One key, in a moment of dislocation, is to keep one’s eye on the basics. Or, in Hobbs’ words, in such a market “everybody thinks that we can find the bottom and buy value there. In fact, though, that is always uncertain. At Oaktree we price risk”.
Coupa has been a listed company since 2016. The agreement valued it at $8 billion, or $81 a share. Coupa’s stock has since been trading at a slight discount to that contract valuation, at just below $80. Assuming regulatory approval, the deal is expected to close in the first half of this year. This agreement, created at a time of pessimism about the tech industry and uncertainty about the broader macro environment, required that Thoma Bravo borrow money from a group of direct lenders, led by Sixth Street. HPS Investment Partners and Oaktree Capital were each among the participating lenders.
Two final points on the Coupa deal
The Coupa deal is of a piece with Thoma Bravo’s track record. It buys mature enterprise software companies and takes them public. This was its playbook with Prophet21 (2002), Riverbed (2014), Instructure (2020), and – early in 2022 – with Anaplan.
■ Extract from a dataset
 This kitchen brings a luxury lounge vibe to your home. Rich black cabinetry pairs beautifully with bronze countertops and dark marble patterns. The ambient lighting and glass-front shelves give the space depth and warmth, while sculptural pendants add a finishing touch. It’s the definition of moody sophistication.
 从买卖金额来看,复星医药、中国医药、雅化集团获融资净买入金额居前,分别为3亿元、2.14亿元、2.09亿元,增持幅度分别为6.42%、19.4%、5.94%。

As of the end of the third quarter of 2022, Thoma Bravo had $120 billion AUM.
One somewhat unusual aspect of the Coupa deal is that shareholder pressure on the target company’s side was against the sale. More often the dissident shareholders believe that management is too reluctant to sell, and charge it with clinging to its own independence against their interests. In this case, though, many shareholders took the view that management was selling too quickly and at too low a price, and that it ought to have held out for a higher bid. Nonetheless, the Coupa closing is expected within the first half of 2023.
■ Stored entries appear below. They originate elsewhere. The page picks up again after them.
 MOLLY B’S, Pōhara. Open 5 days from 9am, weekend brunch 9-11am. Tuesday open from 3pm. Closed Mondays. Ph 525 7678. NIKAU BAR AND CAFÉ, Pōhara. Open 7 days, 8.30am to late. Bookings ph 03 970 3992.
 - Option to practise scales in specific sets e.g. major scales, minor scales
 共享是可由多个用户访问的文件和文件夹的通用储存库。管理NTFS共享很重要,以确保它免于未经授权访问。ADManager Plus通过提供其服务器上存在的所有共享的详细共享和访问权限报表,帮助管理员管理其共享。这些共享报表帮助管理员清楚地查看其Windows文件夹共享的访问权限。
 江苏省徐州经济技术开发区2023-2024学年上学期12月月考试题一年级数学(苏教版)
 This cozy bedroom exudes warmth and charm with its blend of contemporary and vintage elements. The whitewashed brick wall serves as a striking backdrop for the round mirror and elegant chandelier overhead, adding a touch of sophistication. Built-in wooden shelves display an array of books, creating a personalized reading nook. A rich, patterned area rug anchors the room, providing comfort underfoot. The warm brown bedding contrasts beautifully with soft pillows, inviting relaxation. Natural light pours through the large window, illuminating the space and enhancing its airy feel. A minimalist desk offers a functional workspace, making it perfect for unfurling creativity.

How the value numbers rolled along
There were 26 take-privates announced in the US and Europe between June and December 2022. Not one of them was funded by banks. Every one of them relied either on all-equity structures or on private debt funds.
In early 2023, private debt funds will likely continue to dominate the scene. As Marino observed, the deal value numbers rolled along after the mid-year seize-up because the private debt market stepped in to make it possible.
KKR’s acquisition of April Group, the insurance broker, is worth mention here. KKR bought April Group from CVC with an all-equity deal. But, according to Reuters, citing a source with knowledge of the deal, it did so with the intention of “raising debt funding down the road”.
As the KKR deal demonstrates, there is a mostly unspoken atmosphere of “buy now, finance later” at work. PE firms make a leap of faith, commit themselves to a deal, make the down payment, and then look for the funding. PD funds, then, can come to their aid like a (mercenary) knight on a white horse.